Einer der größten Medizinskandale liegt nunmehr 50 Jahre zurück. Am 1. Oktober 1957 kam das Schlafmittel Contergan in Deutschland auf den Markt. Der Hersteller Grünenthal versprach werdenden Müttern eine ruhige Nacht. Doch das Arzneimittel, das auch gegen Morgenübelkeit wirkt, hat schädliche Auswirkungen auf das ungeborene Kind. Im ersten Trimenon der Schwangerschaft greift es in den Wachstumsprozess ein und verursacht Missbildungen an Armen und Beinen.
Weltweit waren 10.000 Kinder betroffen, etwa 5000 davon in Deutschland. In größerem Umfang war der Wirkstoff Thalidomid außer in Deutschland auch in Japan verkauft worden, außerdem in Schweden, Österreich und den Beneluxländern. In den USA scheiterte eine Markteinführung, weil die Behörden lange zögerten, das Mittel zuzulassen. Thalidomid war dort aber im Rahmen einer Studie verabreicht worden.
Erst vier Jahre nach der Markteinführung wurde Contergan wieder vom Markt genommen. Erste Hinweise auf die fatalen Nebenwirkungen des rezeptfreien Medikaments hatte es bereits zuvor gegeben: Schon 1959 waren Missbildungen bei Neugeborenen bekannt. Doch zunächst reagierte keine Behörde darauf.
Nach sieben Jahren Ermittlungen begann im Mai 1968 bei Aachen der Contergan-Prozess. Am 18. Dezember 1970 wurde das Strafverfahren gegen acht leitende Angestellte von Grünenthal und Inhaber Hermann Wirtz wegen geringer Schuld eingestellt. Die umgerechnet 51 Millionen Euro, die Grünenthal im Rahmen eines zuvor geschlossenen Vergleichs zahlte, seien von neutralen Sachverständigen damals als maximale wirtschaftliche Belastung angesehen worden, erklärt das Unternehmen mit einem Umsatz von 813 Millionen Euro (2006) heute.
Heute leben in Deutschland rund 2700 Opfer.
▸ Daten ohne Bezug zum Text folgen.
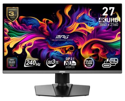 GAMING INTELLIGENCE – MSI GI software features OLED Care 2.0 to help prevent burn-in, AI supported software (Smart Crosshair), Console modes & Game Assistance KVM 1.0, PiP/PbP supported Features RGB illumination & a 4-way adjustable stand (VESA 100mm)
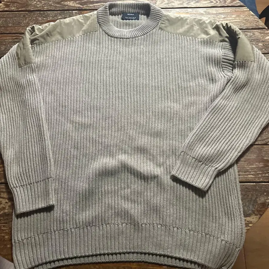 BERSHKA 울 니트 스웨터 어깨 배색 베이지 M 사이즈
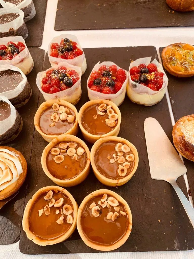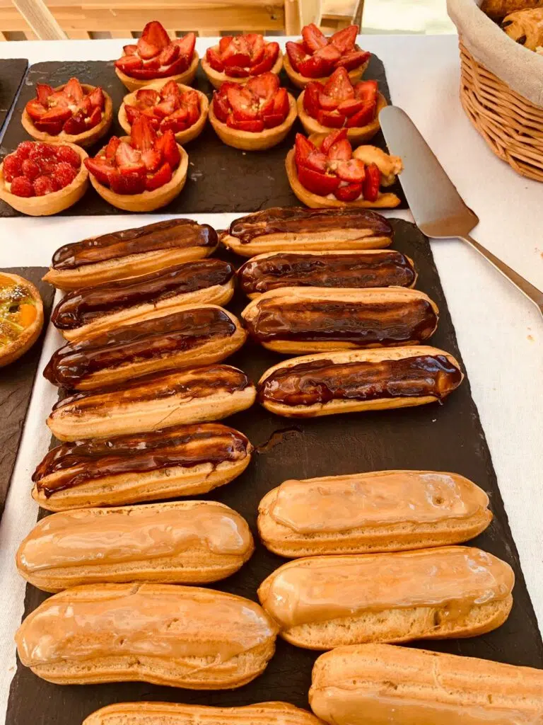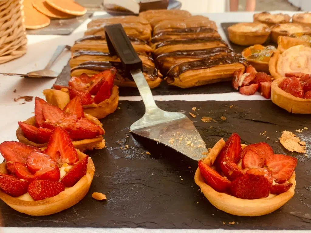 La partie sucrée n’est pas en reste. Au-delà des classiques viennoiseries, vous pourrez jeter votre dévolu sur un cheesecake, un éclair, une tarte au citron meringuée ou autre somptueuse pâtisserie. Les bambins pourront déguster des pancakes au nutella et savourer la multitude de fruits: pastèque, raisins, melon …
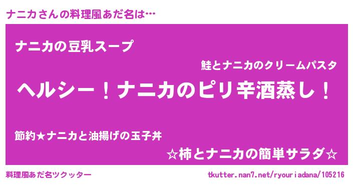 | ヒーロー風カッコイイあだ名 | 『最強戦士ナニカ』『暗黒騎士ナニ』 |
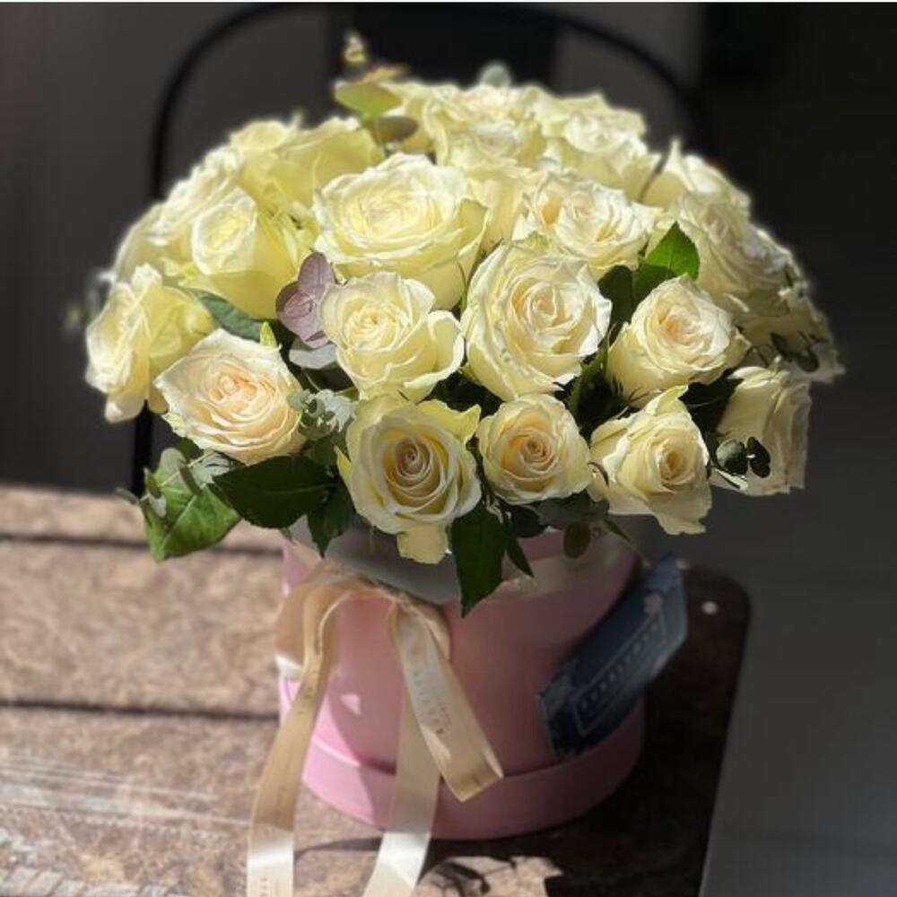 White rose - 27 adet okaliptüs - 8 adet kutu - 1 adet

Je nach Schwere der Behinderung werden den Betroffenen bis zu 545 Euro monatliche Rente gezahlt. „Wir haben die schlechteste Rente und die niedrigsten Sätze von allen Ländern, in denen Contergan auf dem Markt war“, kritisiert Margit Hudelmaier, Vorsitzende des Bundesverbands Contergangeschädigter. Für die Opfer bleibt der Fall auch 50 Jahre danach eine „nationale Katastrophe“, wie die betroffene Anna betont.